6. What are generative agents, and what considerations are important when developing and evaluating them, particularly in multi-agent systems? #

Generative agents are autonomous entities powered by LLMs that can perceive their environment, make decisions, and take actions. Their architecture typically involves components for planning, memory, and action execution. Operationalizing agents (AgentOps) requires attention to observability and metrics. Evaluation involves assessing core capabilities, the trajectory of agent behavior, and the quality of final responses, often incorporating human feedback. In multi-agent systems, evaluating the interactions and coordination between agents becomes crucial, and specialized architectures and design patterns are employed.

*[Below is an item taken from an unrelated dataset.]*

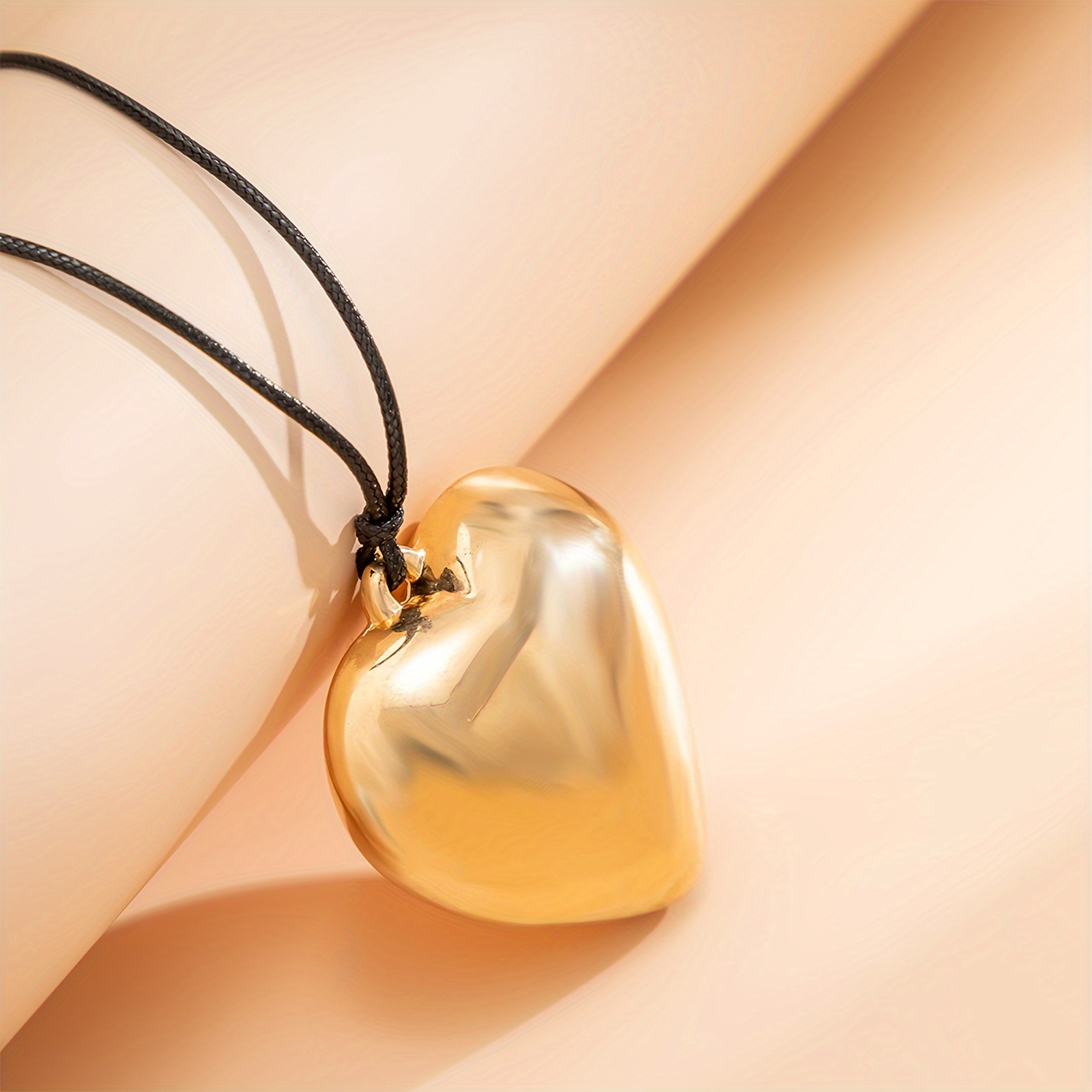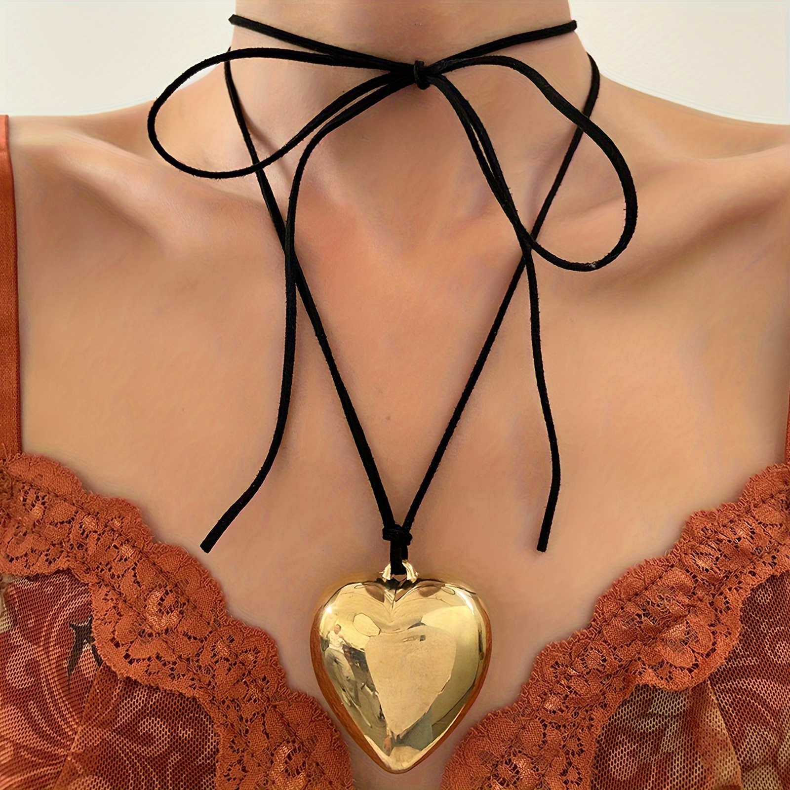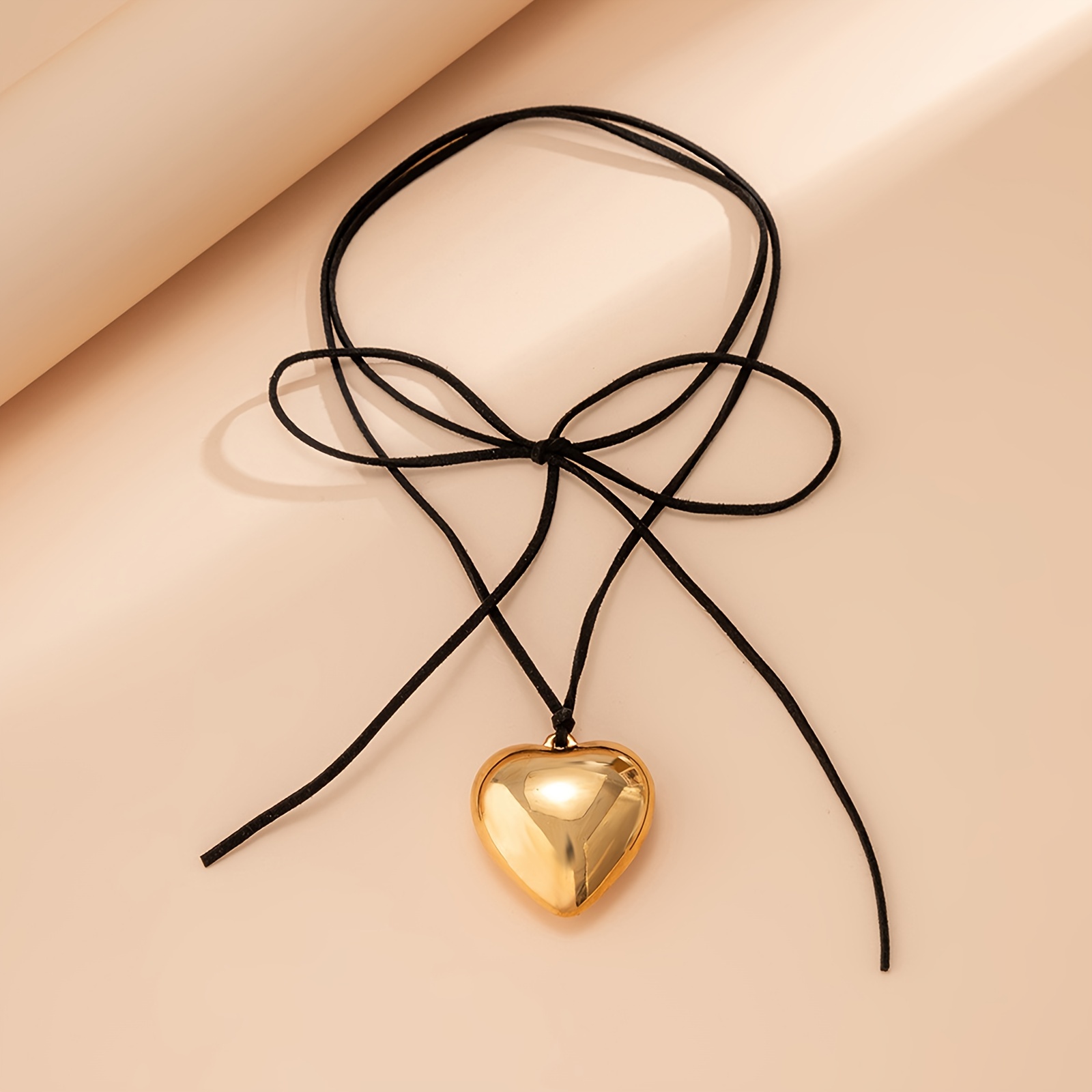 设计与品类:品类定位:属于甜酷风心形吊坠 choker 项链,融合了复古 choker 的设计感与现代立体吊坠的时尚感。 • 材质工艺:采用黑色麂皮绳搭配立体抛光金色心形吊坠,绳身柔软亲肤,吊坠经多层电镀工艺处理,色泽均匀且不易褪色,立体心形设计富有层次感,视觉上更具张力。 • 细节设计:绳身采用蝴蝶结系带设计,可自由调节长度,适配不同颈围,兼具装饰性与实用性。 功能与场景:核心功能:可根据穿搭需求调节绳长,既能作为贴合颈部的 choker 打造甜酷风格,也可延长作为常规项链营造随性氛围;金色吊坠的反光质感能提亮颈部线条,黑色绳身则中和了金色的华丽感,风格适配性强。 • 适配场景:日常穿搭中可搭配甜酷风短上衣、复古连衣裙,瞬间提升造型的吸睛度;约会、小众派对等场景佩戴,能凸显个性审美;也可作为叠戴配饰,与细链项链组合,打造层次丰富的颈间造型。 • 实用优势:麂皮绳材质耐磨且不易变形,日常佩戴无需频繁保养,吊坠结构牢固,不易脱落。 风格价值: 风格定位:将甜酷风格与浪漫心形元素融合,黑色绳身的酷感中和了金色心形的甜腻感,形成 “甜而不腻、酷而不冷” 的独特风格,适配追求个性的年轻群体,也能为成熟女性的穿搭增添一丝俏皮感。 • 价值属性:小众设计不易撞款,彰显独特审美;心形元素承载着浪漫情感寓意,可作为表达心意的礼物;金色的轻奢质感与绳身的休闲感碰撞,让其在 “日常穿搭” 与 “轻社交场合” 中都能成为亮点。 • 受众适配:覆盖 18-35 岁喜爱甜酷、复古、小众风格的人群,无论是学生党打造校园个性穿搭,还是职场人点缀休闲造型,都能轻松驾驭。

7. How are domain-specific LLMs being developed and applied in fields like cybersecurity (SecLM) and healthcare (MedLM)? #

Domain-specific LLMs are created by training models on large datasets specific to a particular domain, often combined with general pre-training. SecLM for cybersecurity aims to assist with tasks like threat detection and analysis by understanding security-related language and concepts. MedLM in healthcare focuses on medical knowledge and reasoning, with applications in medical Q&A, diagnosis support, and clinical documentation. The development of these models requires careful consideration of domain-specific challenges, such as data privacy and the need for high accuracy, as well as specialized evaluation frameworks and deployment considerations.

8. What are the key aspects of MLOps for Generative AI systems, and how does it differ from traditional MLOps? #

MLOps for Generative AI addresses the lifecycle of these complex systems, including model discovery, development, tuning, deployment, monitoring, and governance. It shares core principles with traditional MLOps but has unique considerations due to the nature of foundation models and prompted systems. This includes managing and versioning prompts, dealing with synthetic data, specialized evaluation techniques, the deployment of large foundation models, and the importance of continuous tuning and monitoring for drift and safety. AI platforms provide tools and infrastructure to support these GenAI-specific MLOps workflows.